1.3 OUTLINE OF THE BASIC GENETIC ALGORITHM 

1 . [Start] Generate random population of n chromosomes (suitable solutions for the problem) 

2. [Fitness] Evaluate the fitness f(x) of each chromosome x in the population 

3. [New population] Create a new population by repeating following steps until the new population is 
complete 

a. [Selection] Select two parent chromosomes from a population according to their fitness (the better fitness, 
the bigger chance to be selected) 

b. [Crossover] With a crossover probability cross over the parents to form a new offspring (children). If no 
crossover was performed, offspring is an exact copy of parents. 

c. [Mutation] With a mutation probability mutate new offspring at each locus (position in chromosome). 

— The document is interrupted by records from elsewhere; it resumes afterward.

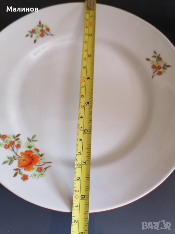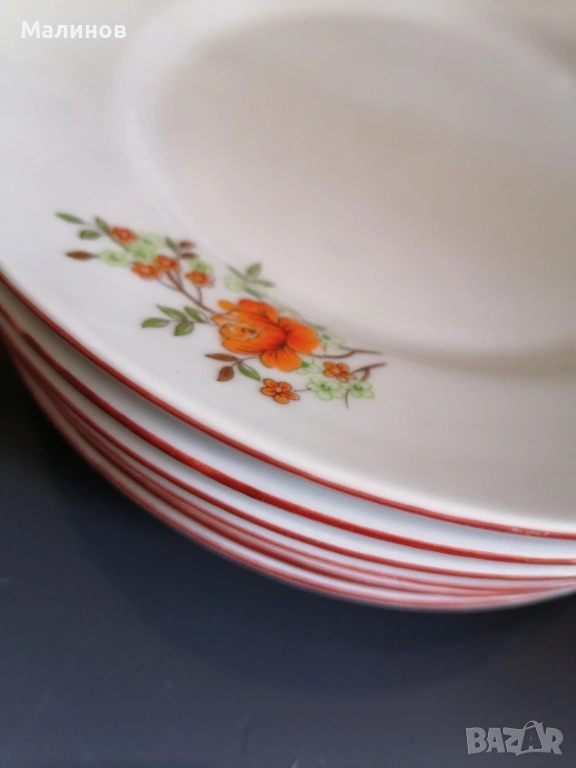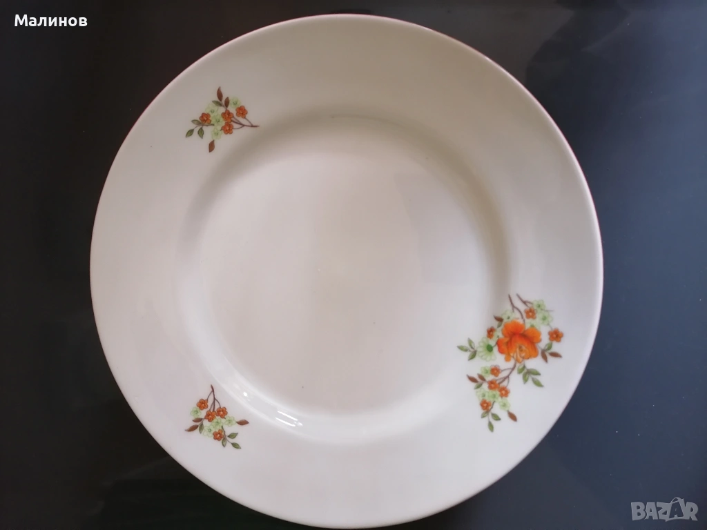 Чинии порцеланови, бели, гладки, с украса на цветчета по борда. Диаметър 19 см, височина 2,5 см. Налични 6 бр., запазени, без забележки.
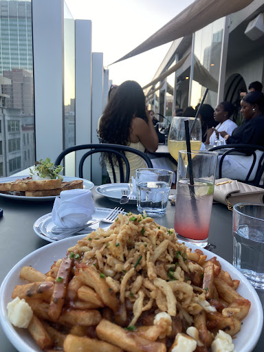 Going to more important matters, the service was mediocre. The hostess gave us only to one menu for three people and only the menu for drinks. We had to call the waiter and ask for the food menu. We ordered fried calamari, dumplings and fries and a few drinks but the food wasn’t good at all (the dumplings tasted like plastic and the calamari had been refried at least three times). Is it really the chef checking the preparation of the food? I doubt it. If he does it, he should not be called a chef. The food tastes better in any of the many bars and in Montreal where you get the same menu for half the price. The waiter didn't even bother to come and ask if the service was ok or smile at all. On the positive note, the bathrooms were well-maintained and smelled good. In conclusion, go for a drink, take a photo of the sunset and don’t expect quality because you...
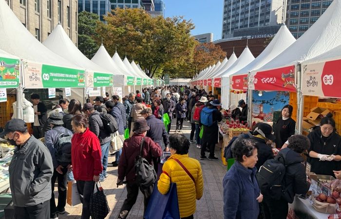 [비건뉴스=최지영 수습기자] 서울시청 앞 서울광장에서 열린 ‘2025 안동 농축특산물 직거래장터’가 10월 27일부터 30일까지 4일간 수도권 시민의 뜨거운 관심과 참여 속에 성황리에 막을 내렸다. 시중보다 저렴한 가격에 소비자들을 만날 수 있는 좋은 기회이자, 생산자와 직접 소통하며 신뢰할 수 있는 먹거리를 구매하는 시간이었다.
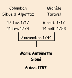 | Marie Antoinette Sibué apparait dans la consigne du sel pour l'année 1759. |

d. [Accepting] Place new offspring in a new population 

4. [Replace] Use new generated population for a further run of algorithm 

5. [Test] If the end condition is satisfied, stop, and return the best solution in current population 

6. [Loop] Go to step 2 

1.4 MAXIMUM CLIQUE PROBLEM IS NP HARD 

Examples of difficult problems, which cannot be solved in "traditional" way, are NP problems. There 
are many tasks for which we know fast (polynomial) algorithms. There are also some problems that are not 
possible to be solved algorithmically. For some problems was proved that they are not solvable in polynomial 
time. But there are many important tasks, for which it is very difficult to find a solution, but once we have it, it 
is easy to check the solution. This fact led to NP-complete problems. NP stands for nondeterministic 
polynomial and it means that it is possible to "guess" the solution (by some nondeterministic algorithm) and 
then check it, both in polynomial time. If we had a machine that can guess, we would be able to find a solution 
in some reasonable time. Studying of NP-complete problems is for simplicity restricted to the problems, where 
the answer can be yes or no. Because there are tasks with complicated outputs, a class of problems called NP- 
hard problems has been introduced. This class is not as limited as class of NP-complete problems. For NP- 
problems is characteristic that some simple algorithm to find a solution is obvious at a first sight - just trying all 




Fig. 5 The Genetic Algorithm Cycle.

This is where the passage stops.